Вывод Фрейда и тезис Ивана «все желают смерти отца», с одной стороны, равнозначны, так как выражают, казалось бы, одну и ту же мысль о сок-ровенных желаниях людей, которые в них проявляются посредством слов и поступков бессознательно. С другой стороны, между тезисом Ивана и выводом Фрейда огромная разница, так как тезис Ивана – метафизический, мысль которого направлена к духовным корням человеческого существования, а мысль Фрейда эмпирична, она по сю сторону следствий и причин. Разница между Фрейдом и Достоевским в том, что для Фрейда преступление есть акт лишь физический, к совершению которого примешаны желания бессознательного. Для Достоевского же преступление есть акт, прежде всего, духовный, который совершается первично в глубине самого человека при сплаве мысли и желаний. Поэтому для Достоевского сами мысли и идеи, что движут человеком и внушаются другим, могут быть преступны. И Достоевскому вовсе не безразлично, кто совершил преступление, так как Автору «Карамазовых» важна личность в каждом человеке, важна взаимосвязь личностей между собой. А потому у Фрейда и у Достоевского различны смыслы к прочтению романа, так как для Достоевского – все братья виновны в смерти отца, но не в равной мере, как того желает Фрейд. Достоевский каждому герою романа отводит свою личную меру вины и ответственности. Разница в том, что Фрейд мыслит и выводит смыслы, как ученый атеист, а отсюда и формальное совпадение его мысли с тезисом Ивана, Достоевский же мыслит из глубины христианского миросозерцания, а отсюда и коренное различие смыслов. Касательно непосредственной вины Алеши за брата Дмитрия и за отца Федора Павловича, Достоевский прямым текстом от Автора проговаривает в романе три раза: после встречи Алеши с Иваном в трактире и после события в монастыре, когда старец Зосима испустил дух. Что же касается  главной мысли всего романа, сопряженной с ключевым вопросом Ивана, то Достоевский проговаривает её в романе также три раза в «исповеди брата Маркела».   

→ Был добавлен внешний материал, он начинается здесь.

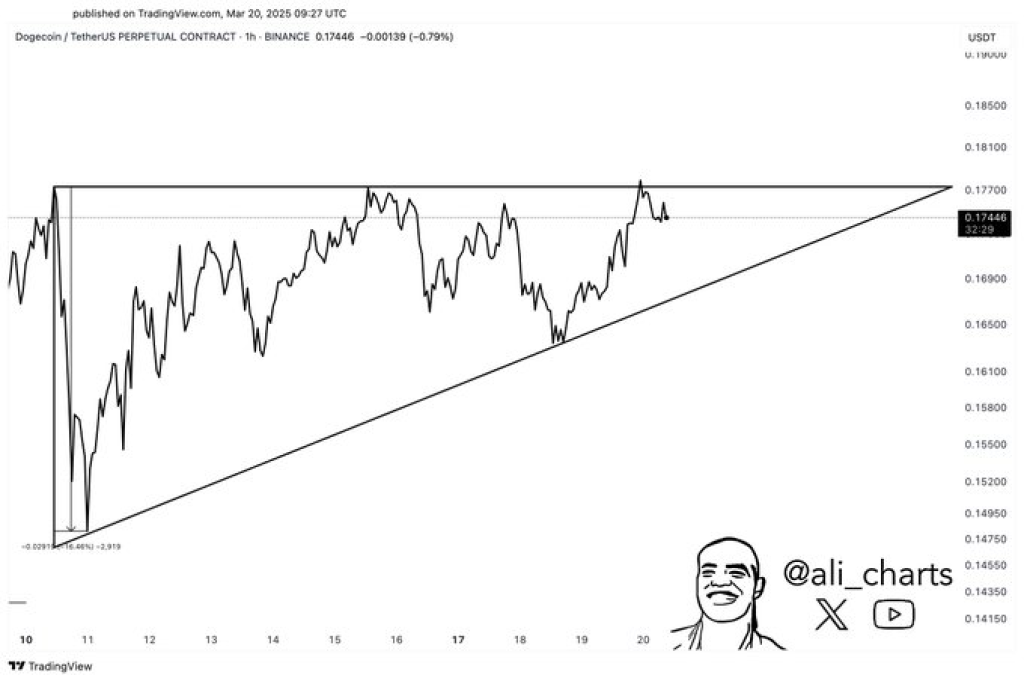 The market awaits a decisive move beyond the current range. While the ascending triangle pattern suggests a likely upward breakout, confirmation through volume and price action is necessary. Ali's analysis has increased interest in Dogecoin's short-term trajectory.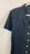 Solid black shift dress has large functional buttons down the front, short sleeves, a notched collar and belted back to accentuate the curves. Dress is fully lined. Lightweight linen blend fabric insures a comfortable fit that looks crisp and professional. Shoulder pads add structure.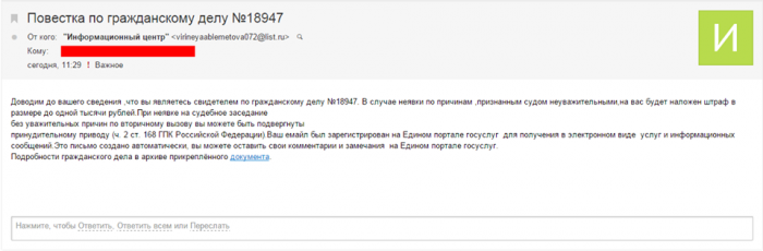 Например, в одном из писем содержалось требование явиться на судебное заседание в качестве свидетеля. С подробностями гражданского дела предлагалось ознакомиться в прикрепленном архиве. Портал госуслуг напомнил, что не занимается рассылкой повесток.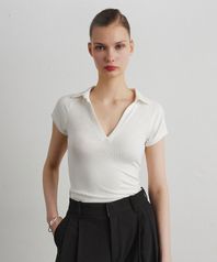 COLLAR RIB HENLEY T-SHIRT_WHITE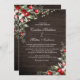 Este folheto romântico elegante apresenta folhas de cor-d-água verde e bagas selvagens vermelhas brilhantes sobre fundo de madeira, textos tendenciosos manuscritos com luzes de cordas quentes. O reverso deste convite é de madeira com galhos florestais verdes. Aproveite.

И, казалось бы, диагноз доктора Фрейда совершенно безупречен и верен, а сам Фрейд мог бы торжествовать, указав на вопрос и ответ  Ивана Карамазова, по которому «все желают смерти отца». Но Фрейд почему-то и для чего-то избегает вопроса и ответа Ивана. Быть может потому, что Вопрос Ивана Карамазова и его парадоксальные идеи опасны в равной мере как для верующего Л.Шестова, так и для циничного атеиста З.Фрейда. Если для психологии и безразлично в вопросе «кто есть кто», то для Достоевского совершенно не безразлично «кто есть человек», т.к. для Достоевского важна личность, причем в каждом человеке. И здесь интересно воспроизвести сопоставление между Иваном Карамазовым и Фрейдом. 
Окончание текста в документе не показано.